Egyptian writer Wahid Hamed’s 1992 tale, Al Irhab Wal Kabab (Terror and Kebab) tells the story of Ahmed who goes to Cairo’s government complex to get the papers of his son’s school transfer done. He thought it was a simple task. However, after long hours of struggling with lazy employees, he fails to get the required papers. He was then told to come the day after. Ahmed, following his first face to face agonising experience with the then famously sluggish Egyptian bureaucracy, decides he’s had enough, snatches the gun of a security guard, and takes everyone in the complex hostage.
The story, which later turned into an iconic film starring Adel Imam, put the Egyptian bureaucracy on trial. It shed a critical light on the prevailing and exasperating red tape in the Arab world, where inefficient bureaucracy became an obstacle to progress and a source of corruption.
Most historians agree that the Arab government bureaucracy owes its roots to the French bureaucratic system in the end of the 18th century. It was imported to our region during the French campaign, led by Napoleon Bonaparte between the years 1798 and 1801. Napoleon, according to historian, attempted to reform the Egyptian by bringing in French bureaucrats who designed a new system in Egypt based on their way of doing business in France. From there, and due to the huge influence of Egypt in the Arab world, the system was copied by most Arab states that were born in later years.
But while the French system evolved quickly and greatly in the past 200 years in France and the rest of Europe, the Arab bureaucracy actually slipped back. It became awfully tired and ineffective. Over the past two decades, most Arab countries, pushed by aggressive international bodies such as the World Bank and the International Monetary Fund (IMF), tried to reform their bureaucracy. Some have succeeded. Some still struggle with the French legacy.
Gulf on the march
In the Gulf, it can be easily described as a brighter picture. Buoyed by ample financial means and forward-looking leaders, most Gulf states moved quickly since the start of the millennium to upgrade their systems of governance with the ultimate goal of creating a totally smart government with zero red tape. In the UAE, for example, most of the government services can be done now online. Upgrading the system, these governments realised, is a prerequisite for attracting foreign investment, emanating corruption, diversifying the economy, and cutting government expenditures.
The coronavirus pandemic, which forced more than 4 billion people to stay home in the past two months, was a surprise test for Arab governments efficiency. Those who moved to a smart government way of doing business have managed to function effectively during the crisis. Others who lag behind have been paralysed. Their population have been denied essential services due to the lockdowns.
As governments and businesses across the world turned to remote working, online meetings, digital transactions and e-learning, some government struggled to satisfy the minimum acceptable offerings of services to their citizens.

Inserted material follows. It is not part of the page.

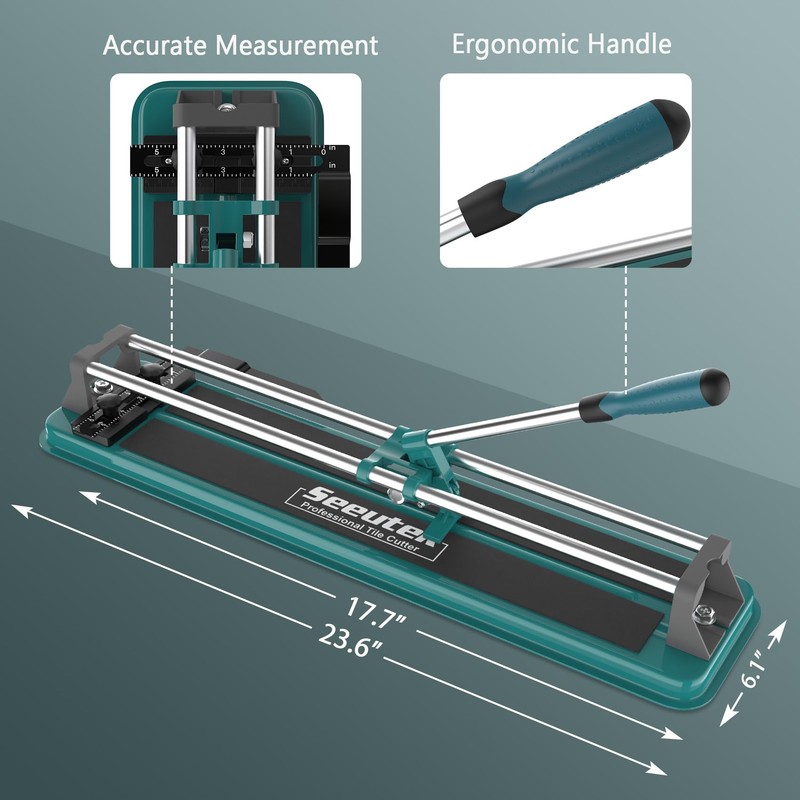 Seeutek Manual Tile Cutter, 14 inch Professional Porcelain Ceramic Tile Cutter, Double Rails Design Tile Cutter Tool, with Tungsten Carbide Cutting Wheel

Therefore, it is imperative that the Arab world sees this crisis as an opportunity to reform their old tired bureaucracy and swollen but mostly inefficient government structures. And “Anyone who thinks the post-COVID-19 world will be the same as the one before it is mistaken,” as His Highness Sheikh Mohammed Bin Rashid Al Maktoum, Vice-President and Prime Minister of the UAE and Ruler of Dubai remarked last week.
Sheikh Mohammed, whose vision led one of the most successful government transformation experiences in the world, was speaking during the cabinet meetings last week to draw a new strategy for the UAE post-COVID-19. The goals of the meetings are clear. “We will review the Cabinet structure. We may reshuffle the Cabinet, merge ministries, change entities and introduce changes. We need a more lean, resilient and faster government that can keep pace with the new and different national priorities.” In other words, even the UAE successful example of smart government may not be sufficient to deal with the post-coronavirus pandemic world.
Therefore, the new road maps announced by some Gulf countries- such as in the UAE, or the 2030 Vision in Saudi Arabia, or the 2035 Vision in Kuwait, must be adjusted to conform to the world’s new reality.
These visions aim at creating a business-friendly environment, diversifying the economy, empowering women, creating jobs for all citizens and improving the standard of living. As the coronavirus outbreak shattered the global economy, leading to significant decline of the oil prices and wiped a great part of government revenues, realising the goals of those visions might prove challenging.
Arab government, therefore, need to seize the opportunity to let go of their traditional bureaucracy to create leaner, agile, and efficient government structures and move their basic services online. That will naturally help reduce the expenditures. Those savings can be shifted to support the health, education, and science innovation sectors in which the post-COVID 19 world will be competing.